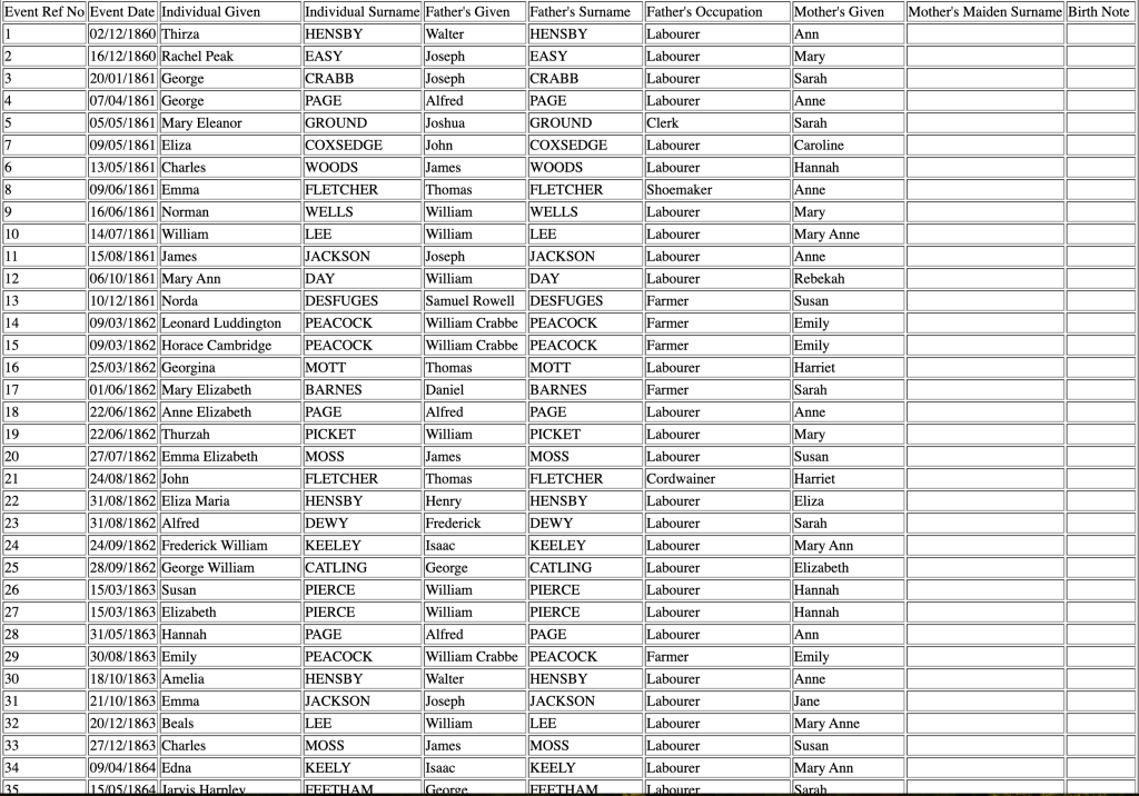 - Sources – Cambridgeshire Baptisms,Cambridgeshire Burials, National Burial Index For England & Wales
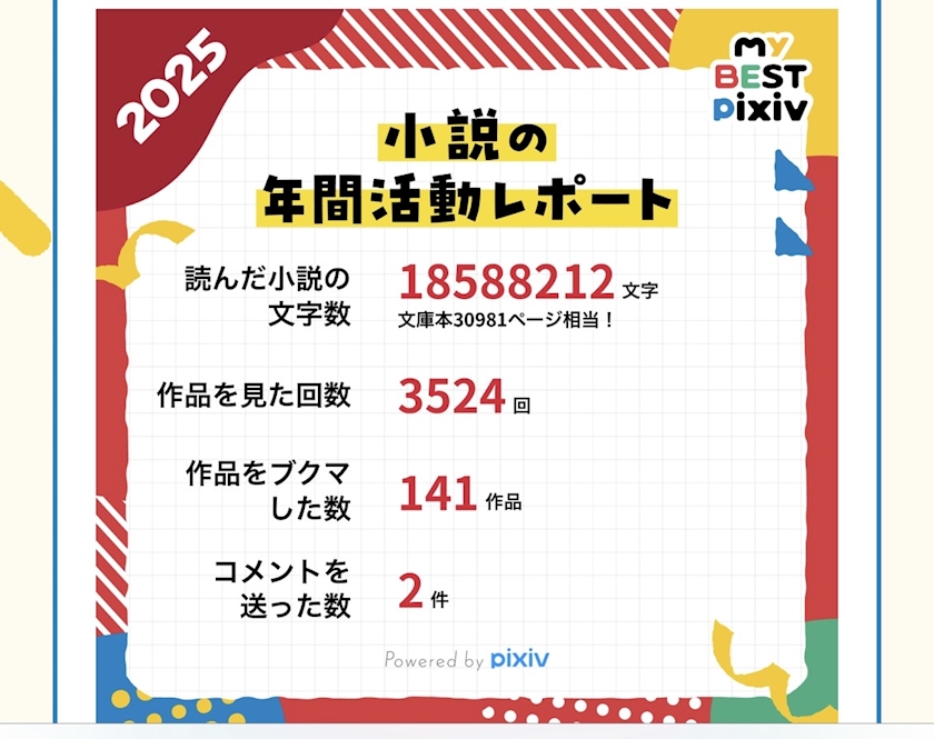 🔽pixiv1年間読んだ小説数📚
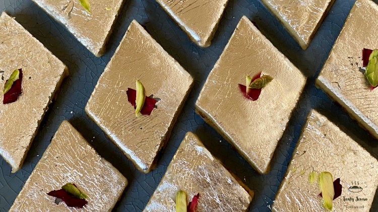 Festivities are incomplete without a sweet, and this fusion recipe is very tasty and just perfect to share your happiness with others. Almonds / Badam are reach in taste and considered healty nuts. This katli is made with gulkand sandwiched between creamy badam layers, it gives this katli/barfi a amazing flavor and nice creamy texture from almonds. This recipe is sure to impress your guests and family members. Do try and share your feedback.
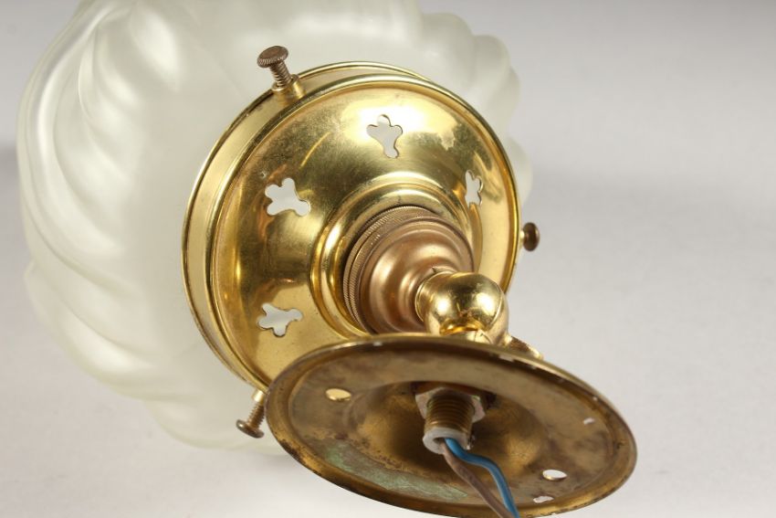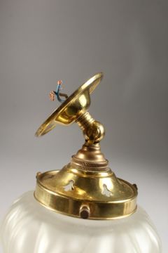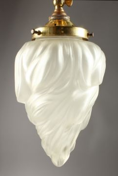 A FROSTED GLASS HANGING LIGHT FITTING.
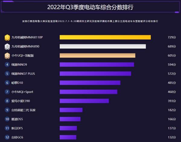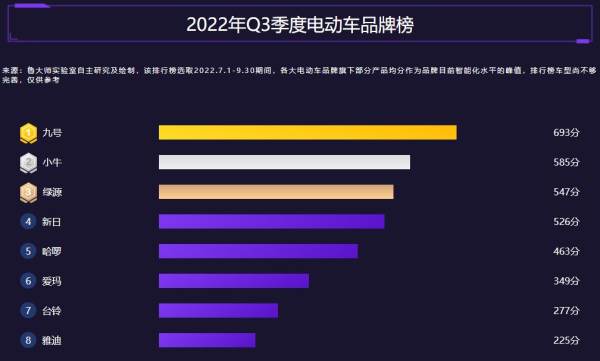 鲁大师2022年Q3季度电动车报告:九号机械师霸榜,绿源发力智能化
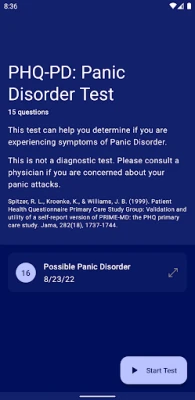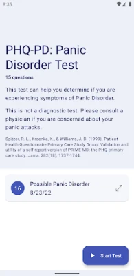 Disclaimer: This test is NOT a diagnostic test. A diagnosis can only be provided by a qualified healthcare professional. Please consult a physician if you are concerned about your risk of panic disorder.
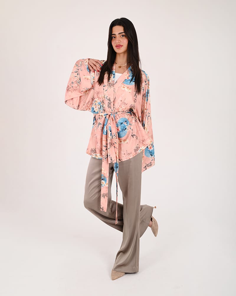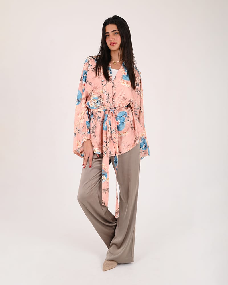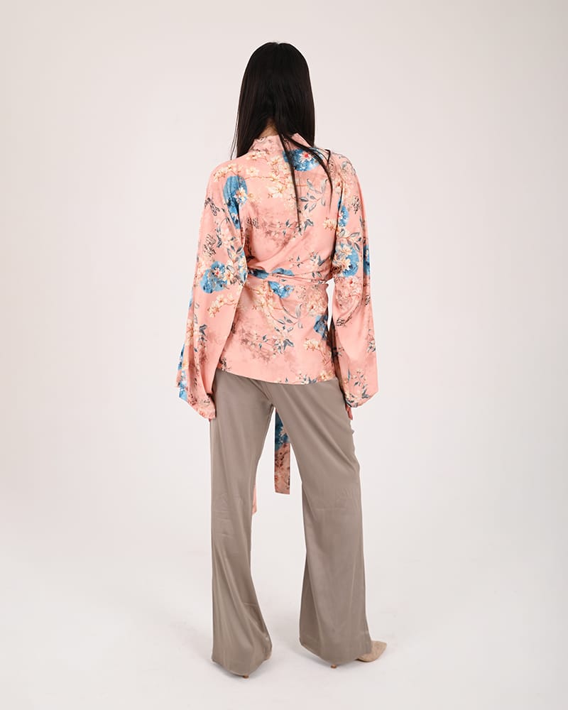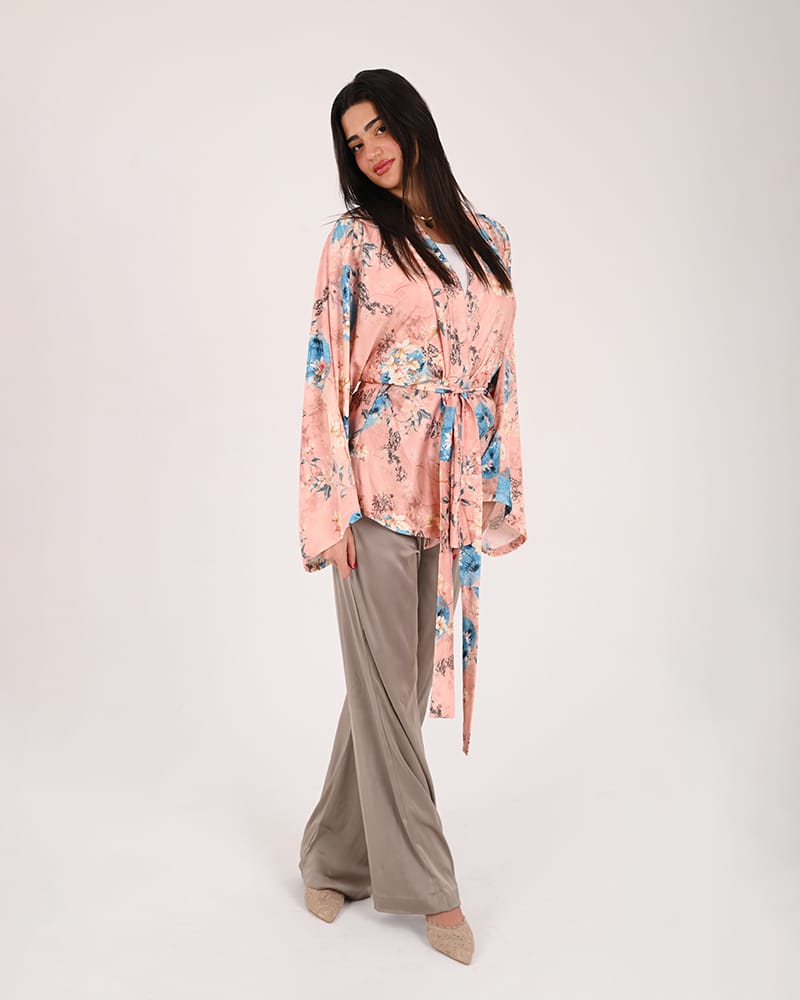 The piece is cut from a blush-pink textile base, enriched with blue and white floral motifs that bloom across the surface like painted fragments. Crafted from a soft, silky fabric, it is designed to make you feel elegant and effortlessly put together — a garment that drapes with fluidity while holding its form with quiet strength. Each panel is placed with intention, creating a rhythm of contrast between delicate florals and smooth expanses of color.
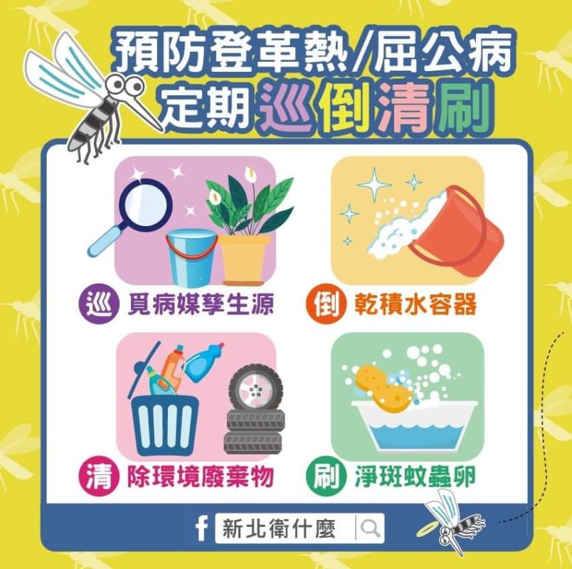 疾管署提醒,目前雖尚未出現登革熱/屈公病本土病例,但今(2025)年截至8/4累計124例登革熱境外移入病例,為近6年同期次高,仍有造成疫情擴散之風險。籲請民眾雨後主動巡檢居家環境,落實「巡、倒、清、刷」,仔細巡視戶內外容器,將積水倒掉並澈底清除,若有大型廢棄容器,可連絡清潔隊協助清運,留下的器物也要刷洗去除蟲卵後,妥善收拾或予以倒置。如有出現發燒、頭痛、腹瀉、噁心嘔吐、後眼窩痛、肌肉關節痛、出疹等登革熱疑似症狀,請儘速就醫並主動告知活動史,以利醫師及早診斷及通報。
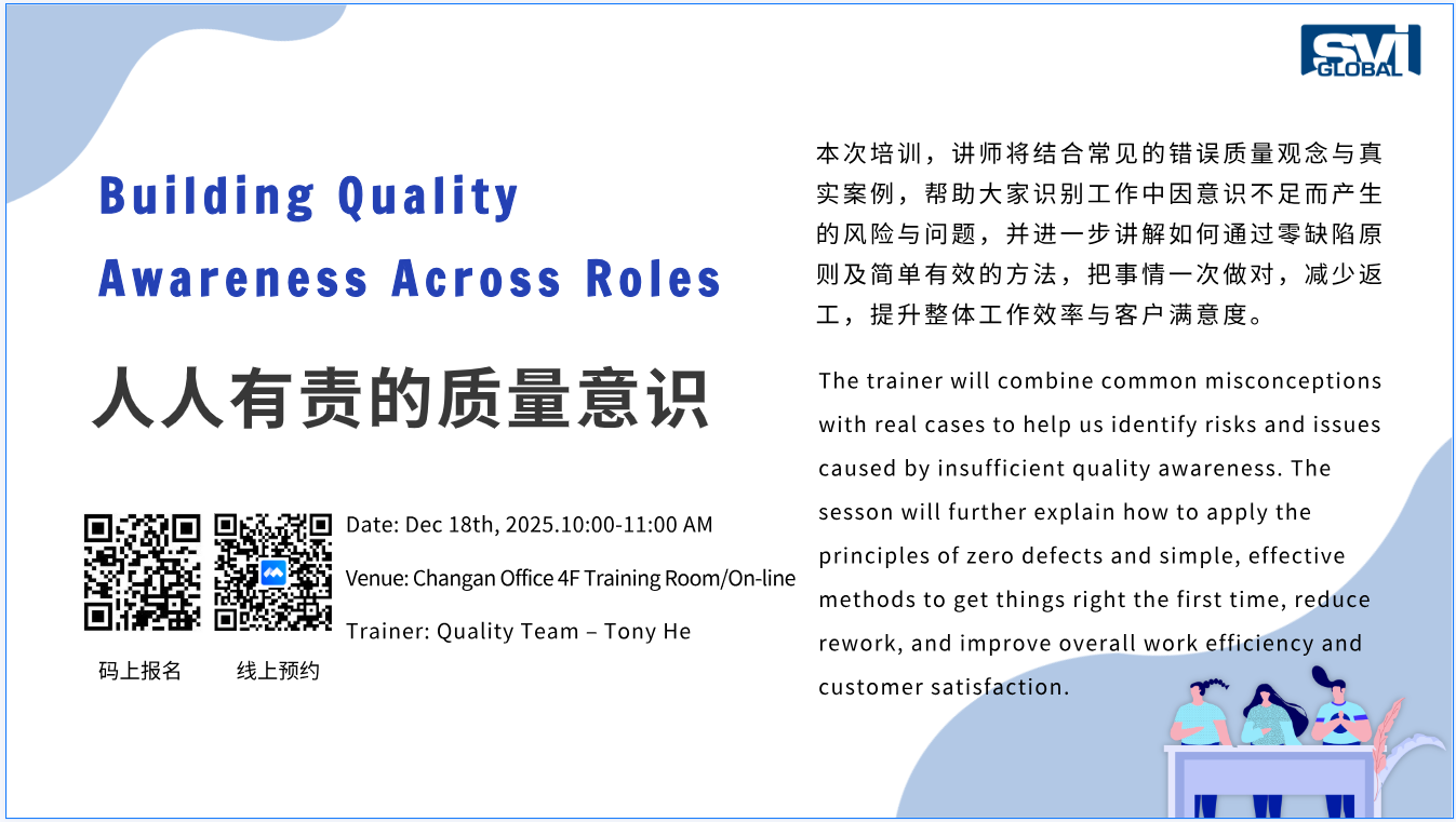 The trainer will combine common misconceptions with real cases to help us identify risks and issues caused by insufficient quality awareness. The sesson will further explain how to apply the principles of zero defects and simple, effective methods to get things right the first time, reduce rework, and improve overall work efficiency and customer satisfaction.
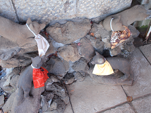 本殿(?)の脇にあった小さなお社の足元に、狐さんが。前掛けかわいい...
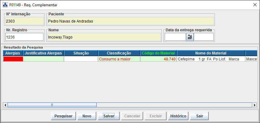 alérgico e clicar no botão “OK”. Para facilitar a localização dos
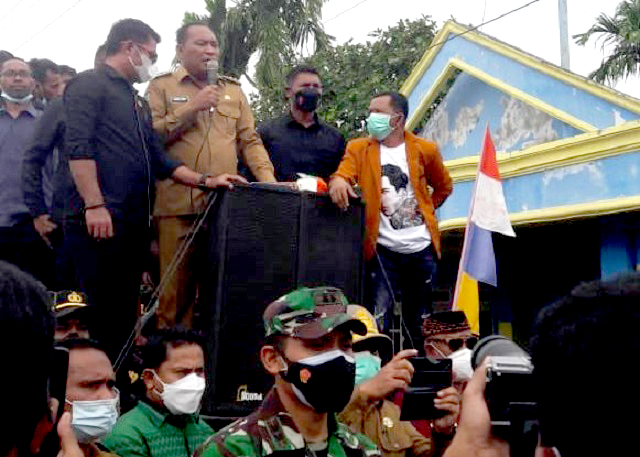 Setibanya di Kecamatan Obi, Bupati Usman dan sejumlah pejabat yang menyertainya langsung menemui ratusan massa aksi yang menggelar aksi di depan kantor Camat Obi.
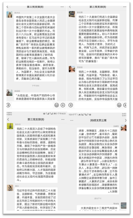 支部副書記陳宏意:黨的二十大在我們黨和國家的發(fā)展進(jìn)程中具有極其重要的里程碑意義。初心不負(fù)來時(shí)路,砥礪奮進(jìn)新征程。作為高校教師應(yīng)不忘立德樹人初心,堅(jiān)守為黨育人、為國育才使命,負(fù)時(shí)代之責(zé),懷騰飛之志,搶抓歷史發(fā)展的黃金期,以時(shí)不我待、只爭朝夕的干勁,在新時(shí)代職教改革的大考中續(xù)寫新篇章,奏響“前途廣闊大有可為”的最強(qiáng)音!
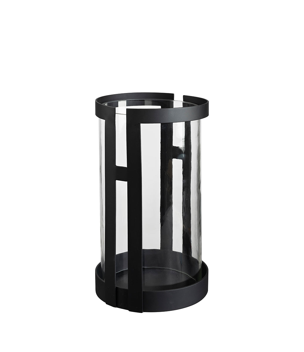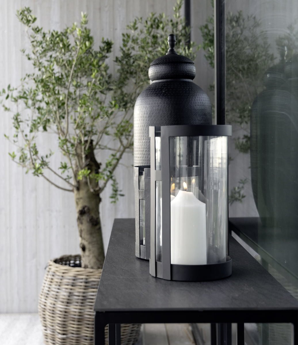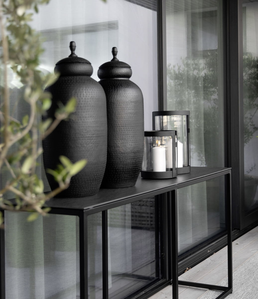 Lykta Santino Outdoor i färgen Svart är en utomhuslykta i pulverlackerad metall och handblåst glas från Artwood.
::::
## What is being asked:
Print, exactly and with no pictures, the lines of the listing above starting at the one that has "A FROSTED GLASS HANGING LIGHT FITTING." and ending at the one that has "疾管署提醒,目前雖尚未出現登", both included.

## Result of this task:
 A FROSTED GLASS HANGING LIGHT FITTING.
 鲁大师2022年Q3季度电动车报告:九号机械师霸榜,绿源发力智能化
 Disclaimer: This test is NOT a diagnostic test. A diagnosis can only be provided by a qualified healthcare professional. Please consult a physician if you are concerned about your risk of panic disorder.
 The piece is cut from a blush-pink textile base, enriched with blue and white floral motifs that bloom across the surface like painted fragments. Crafted from a soft, silky fabric, it is designed to make you feel elegant and effortlessly put together — a garment that drapes with fluidity while holding its form with quiet strength. Each panel is placed with intention, creating a rhythm of contrast between delicate florals and smooth expanses of color.
 疾管署提醒,目前雖尚未出現登革熱/屈公病本土病例,但今(2025)年截至8/4累計124例登革熱境外移入病例,為近6年同期次高,仍有造成疫情擴散之風險。籲請民眾雨後主動巡檢居家環境,落實「巡、倒、清、刷」,仔細巡視戶內外容器,將積水倒掉並澈底清除,若有大型廢棄容器,可連絡清潔隊協助清運,留下的器物也要刷洗去除蟲卵後,妥善收拾或予以倒置。如有出現發燒、頭痛、腹瀉、噁心嘔吐、後眼窩痛、肌肉關節痛、出疹等登革熱疑似症狀,請儘速就醫並主動告知活動史,以利醫師及早診斷及通報。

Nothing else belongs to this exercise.